- Степняки имеют, помимо веры в Великого Табунщика, много старых суеверий, - с улыбкой сказала Аэй, словно желая придать всему разговору о Табунщике незначительность.
- Пожалуй, все, кто не чтит Великого Уснувшего, суеверны, если судить строго, правда, ло-Иэ?- снова спросил Миоци.
- Я не думаю, что почитание Великого Табунщика - суеверие, - подал, наконец, голос Иэ. Аэй нахмурилась и вышла.
- Ты ведь тоже участвовал в той битве про Лэ-Тиоэй, учитель Иэ?
- Да, было дело, - нехотя ответил странствующий эзэт,- я был тогда совсем молодым.
- И ты знал моего дядю?
- Знал. Очень близко. И одного, и второго. Жаль, что ты их не застал, - вздохнул Иэ.
Золотая риза
- Ну что, я же говорил тебе, что ли-Игэа - замечательный! - повторял сын воеводы. Они сидели в саду и ели орехи. Из-за поездки Миоци к Игэа занятия отменились, и Раогаэ единственный из учеников пришел в дом к жрецу - для того, чтобы повидаться со своим младшим другом.

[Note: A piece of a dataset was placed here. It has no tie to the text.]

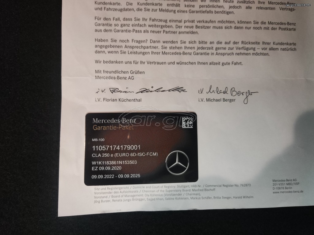 | • ΗΜ/ΝΙΑ ΠΡΩΤΗΣ ΑΔΕΙΑΣ 09/09/2020 • ΕΠΕΚΤΑΣΗ ΕΓΓΥΗΣΗΣ ΕΩΣ 09/09/2025 • ΕΝΑΣ ΙΔΙΟΚΤΗΤΗΣ ! • ΑΤΡΑΚΑΡΙΣΤΟ - ΑΡΙΣΤΟ ! • ΔΕΚΤΟΣ ΕΛΕΓΧΟΣ ! • ΠΛΗΡΕΣ ΑΡΧΕΙΟ SERVICE ΑΝΤΙΠΡΟΣΩΠΕΙΑΣ ! • ΒΙΟΛΟΓΙΚΟΣ ΚΑΘΑΡΙΣΜΟΣ ΚΑΙ ΓΥΑΛΙΣΜΑ ΜΕ ΤΗΝ ΠΑΡΑΔΟΣΗ ! • • • ΕΛΕΥΘΕΡΟ ΣΤΟ ΔΑΚΤΥΛΙΟ !!! • • • • • • ΜΗΔΕΝΙΚΑ ΤΕΛΗ ΚΥΚΛΟΦΟΡΙΑΣ ΑΞΙΑΣ • • • • • • Εξοπλισμός Mercedes-Benz CLA 250e AMG Ediditon 2020 • • • • Αυτόματο & Σειριακό κιβώτιο 8 Σχέσεων • Digital Cockpit ( Πίνακας Οργάνων ) • Media-Display 10.25" • Dynamic Select • Navigation με Live Traffic • Android Auto & Apple CarPlay • DAB Tuner • Ασύρματη Φόρτιση Κινητού • Φώτα Full LED • Φώτα Led ημέρας • Πακέτο AMG + Εdition + Night • Σύστημα υποβοήθησης ορατότητας νεκρής γωνίας • Ζάντες αλουμινίου 18" AMG • Αυτόματος κλιματισμός • Δερμάτινο πολυλειτουργικό τιμόνι 3 ακτίνων με χειριστήρια αλλαγής ταχυτήτων • Δερμάτινο Σαλόνι σε συνδιασμο με Alcantara • Θερμαινόμενα Καθίσματα • Μεγαλο πακετο Δερματος ( Ταμπλό , Πόρτες ,Κονσόλα ) • Διακοσμητικά στοιχεία εσωτερικού σε Αλουμίνιο • Κεντρικό κλείδωμα με τηλεχειρισμό • Υαλοκαθαριστήρες με αισθητήρα βροχής • Αισθητήρας φώτων • Σύστημα αντιολίσθησης τροχών (ASR) • Ηλεκτρονικό πρόγραμμα ευστάθειας (ESP) • Κεντρικό υποβραχιόνιο εμπρος και πίσω με αποθηκευτικό χώρο • Εξωτερικοί καθρέφτες ηλεκτρικά αναδιπλούμενοι • Εσωτερικά προστατευτικά μαρσπιέ αλουμινίου με λογότυπο Mercedes-Benz • CRUISE CONTROL - Σύστημα ρύθμισης ταχύτητας • ASSYST PLUS - ένδειξη διαστημάτων συντήρησης • Κάμερα οπισθοπορειας • Αισθητήρες παρκαρίσματος εμπρός & πίσω • Σύστημα αυτόματου παρκαρίσματος • ISOFIX - σύστημα ασφάλισης παιδικών καθισμάτων • Active Brake Assist ( Mπορεί να βοηθήσει να αποτραπούν ή να μετριαστούν οι επιπτώσεις ατυχημάτων με προπορευόμενα οχήματα και με πεζούς που διασχίζουν το δρόμο μπροστά. Περιλαμβάνει μια λειτουργία παρακολούθησης της απόστασης και προειδοποίησης σύγκρουσης ) • Lane Keep Assist ( Προειδοποιεί τον οδηγό όταν το όχημα κινείται από τη λωρίδα ) • Keyless Έναρξη • Αλεξήλια με φωτιζόμενο καθρέπτη • Πακέτο Ατμοσφαιρικου εσωτερικού φωτισμού • Λειτουργιά ECO Start / Stop • Πίσω φωτιστικά σώματα LED (και φωτισμός πινακίδας LED) • Audio interface AUX - USB • Bluetooth • Bluetooth® με λειτουργία audio streaming για μεταφορά μουσικής • Αερόσακος γονάτων οδηγού (KNEEBAG) • Σύστημα ελέγχου πίεσης ελαστικών • Θερμομονωτικά σκούρα φιμέ κρύσταλλα |

- Да, он не такой, как все. И у него - светлые волосы, как у жрецов Шу-эна Всесветлого. Как у учителя Миоци. Они друзья с детства, как мы с тобой.
- А ты видел священную ризу жреца Всесветлого? - вдруг спросил Раогаэ у Огаэ.
- Нет. Она же хранится под главным алтарем, где медные зеркала! Великий жрец Всесветлого надевает ее только раз в год - вернее, его одевают в нее, такая она тяжелая. Чистое золото.
- Раз в год? Когда? - спросил Раогаэ.
- На новолетие. Но в это новолетие ли-шо-Оэо еще считался первым великим жрецом, и никто, кроме него, не имел права быть облаченным в эту ризу, даже учитель Миоци. А ли-шо-Оэо совсем старенький и упал бы под ней. Поэтому он шел впереди, и его поддерживали под руки - так он был слаб! - а ризу несли за ним ли-шо Миоци и двое младших жрецов.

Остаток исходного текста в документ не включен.